What to produce:
Repeat the listing exactly. Do not carry over any pictures.

Data block:
↓↓↓

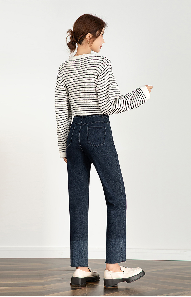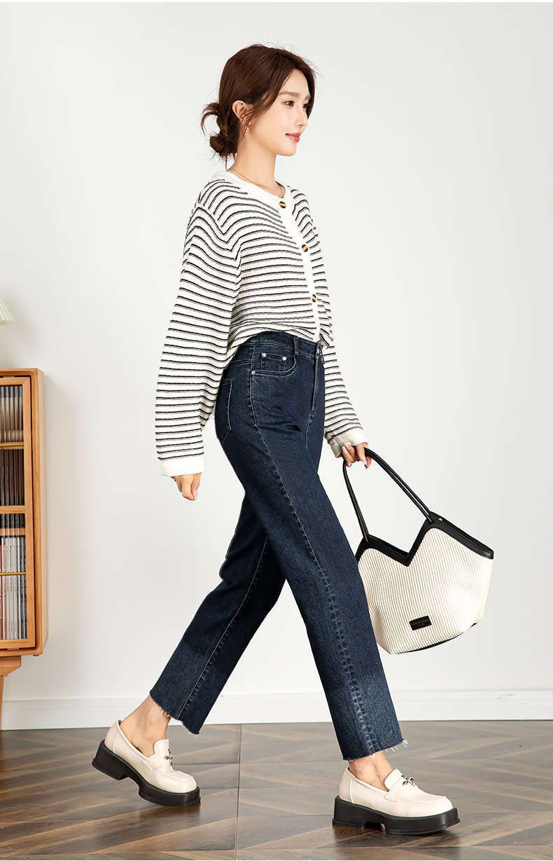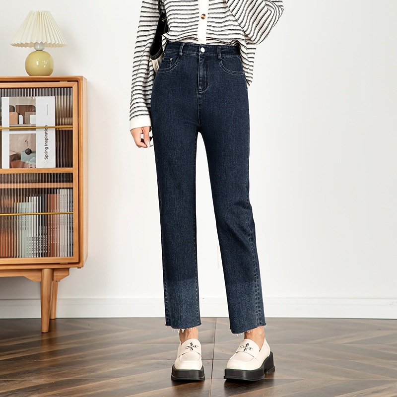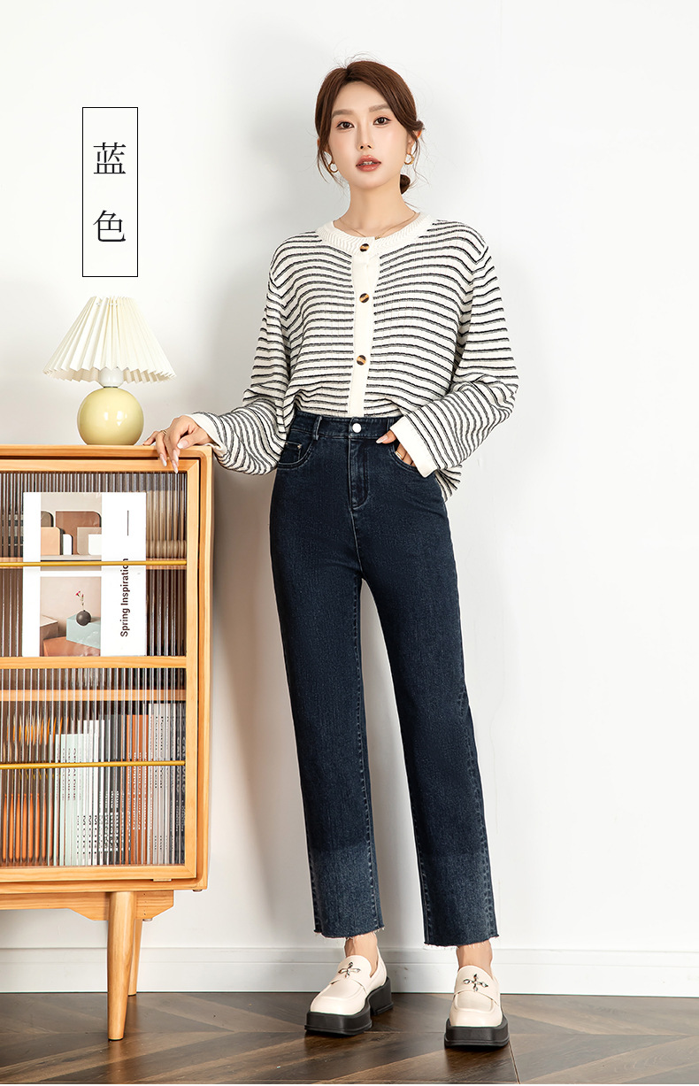 그라디언트 컬러 청바지 여성 2024 가을 패션 트렌드 재고 한국 발목 길이 바지 좁은 판 스트레이트 다리 바지 21130스토어 가기
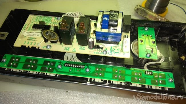 Вернемся к ремонту. По словам владельца, табло печки не светится. Плата управления питается от обычного трансформатора.
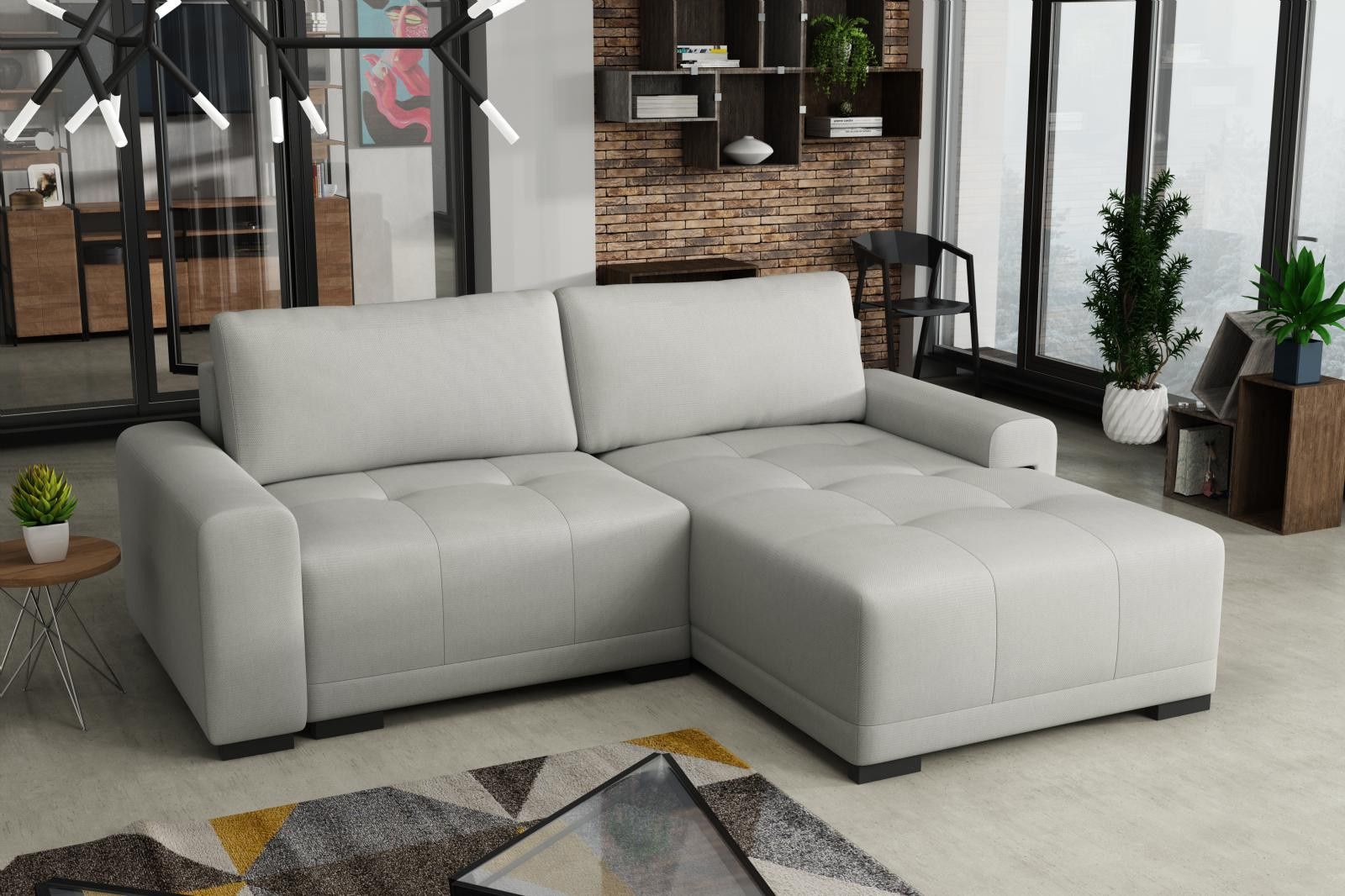 Manon je moderní rohová sedací souprava s nadčasovým designem. Její předností je pohodlí, praktičnost a univerzální použití. Můžete si ji podle potřeby sestavit jako levou nebo pravou, což je výhoda při zařizování obývacího pokoje. Nemusíte přemýšlet do jakého rohu postavíte sedací soupravu, jednoduše ji podle potřeby přizpůsobíte. Pohodlí při sezení zajišťuje kombinace pružin faliste s kvalitní PUR pěnou a velké opěrné polštáře, které jsou odnímatelné. Praktickou stránkou sedací soupravy je úložný prostor a možnost rozložení k občasnému přespání Vaší návštěvy. Sedací souprava je potažena jednobarevnou látkou a v nabídce najdete více barevných variant. V ceně sedací soupravy jsou 2 velké opěrné polštáře. Ostatní vyobrazené dekorace nejsou v ceně. Zobrazení barev produktu na fotografii se může nepatrně lišit od skutečnosti. Správná barva potahové látky je zobrazena na první fotografii. Fotografie sedací soupravy v rozkladu jsou pouze ilustrační.
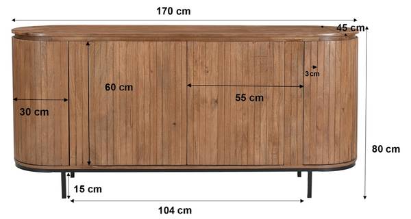 Die klaren Linien und das durchgängige Holzdesign machen das Sideboard zu einem echten Hingucker – ganz gleich, ob Du es im Wohn-, Ess- oder Flurbereich einsetzt. Der edle Glanz des Holzes bringt Wärme und zeitlose Eleganz in jeden Raum.

↑↑↑

Written answer:
 그라디언트 컬러 청바지 여성 2024 가을 패션 트렌드 재고 한국 발목 길이 바지 좁은 판 스트레이트 다리 바지 21130스토어 가기
 Вернемся к ремонту. По словам владельца, табло печки не светится. Плата управления питается от обычного трансформатора.
 Manon je moderní rohová sedací souprava s nadčasovým designem. Její předností je pohodlí, praktičnost a univerzální použití. Můžete si ji podle potřeby sestavit jako levou nebo pravou, což je výhoda při zařizování obývacího pokoje. Nemusíte přemýšlet do jakého rohu postavíte sedací soupravu, jednoduše ji podle potřeby přizpůsobíte. Pohodlí při sezení zajišťuje kombinace pružin faliste s kvalitní PUR pěnou a velké opěrné polštáře, které jsou odnímatelné. Praktickou stránkou sedací soupravy je úložný prostor a možnost rozložení k občasnému přespání Vaší návštěvy. Sedací souprava je potažena jednobarevnou látkou a v nabídce najdete více barevných variant. V ceně sedací soupravy jsou 2 velké opěrné polštáře. Ostatní vyobrazené dekorace nejsou v ceně. Zobrazení barev produktu na fotografii se může nepatrně lišit od skutečnosti. Správná barva potahové látky je zobrazena na první fotografii. Fotografie sedací soupravy v rozkladu jsou pouze ilustrační.
 Die klaren Linien und das durchgängige Holzdesign machen das Sideboard zu einem echten Hingucker – ganz gleich, ob Du es im Wohn-, Ess- oder Flurbereich einsetzt. Der edle Glanz des Holzes bringt Wärme und zeitlose Eleganz in jeden Raum.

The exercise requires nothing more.